## What you are asked to do
Of all the lines in the entries below, give again exactly those starting at the line containing "Family-focused entertaining and" and ending at the line containing "6、弧形噴霧架(選裝),帶1", both ends included, and no others.

## Excerpted records
****************

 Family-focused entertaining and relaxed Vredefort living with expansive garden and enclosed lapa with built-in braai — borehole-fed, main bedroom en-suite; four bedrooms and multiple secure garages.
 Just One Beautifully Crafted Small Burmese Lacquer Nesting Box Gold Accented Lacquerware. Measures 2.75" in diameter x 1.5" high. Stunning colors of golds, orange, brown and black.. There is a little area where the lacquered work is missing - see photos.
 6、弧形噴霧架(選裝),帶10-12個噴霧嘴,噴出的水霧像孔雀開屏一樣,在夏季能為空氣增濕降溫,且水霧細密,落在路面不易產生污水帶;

****************

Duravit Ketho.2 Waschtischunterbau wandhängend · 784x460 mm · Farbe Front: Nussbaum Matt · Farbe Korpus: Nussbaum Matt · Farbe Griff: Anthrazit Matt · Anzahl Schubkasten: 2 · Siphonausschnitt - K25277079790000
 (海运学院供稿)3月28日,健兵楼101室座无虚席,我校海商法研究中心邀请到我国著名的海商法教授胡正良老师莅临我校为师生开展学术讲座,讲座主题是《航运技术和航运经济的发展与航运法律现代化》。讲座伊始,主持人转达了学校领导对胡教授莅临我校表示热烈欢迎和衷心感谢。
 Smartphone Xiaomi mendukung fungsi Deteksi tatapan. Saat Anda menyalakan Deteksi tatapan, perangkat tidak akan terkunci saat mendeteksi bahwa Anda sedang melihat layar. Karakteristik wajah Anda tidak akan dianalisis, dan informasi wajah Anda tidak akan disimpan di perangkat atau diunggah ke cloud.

****************

## Response
 Family-focused entertaining and relaxed Vredefort living with expansive garden and enclosed lapa with built-in braai — borehole-fed, main bedroom en-suite; four bedrooms and multiple secure garages.
 Just One Beautifully Crafted Small Burmese Lacquer Nesting Box Gold Accented Lacquerware. Measures 2.75" in diameter x 1.5" high. Stunning colors of golds, orange, brown and black.. There is a little area where the lacquered work is missing - see photos.
 6、弧形噴霧架(選裝),帶10-12個噴霧嘴,噴出的水霧像孔雀開屏一樣,在夏季能為空氣增濕降溫,且水霧細密,落在路面不易產生污水帶;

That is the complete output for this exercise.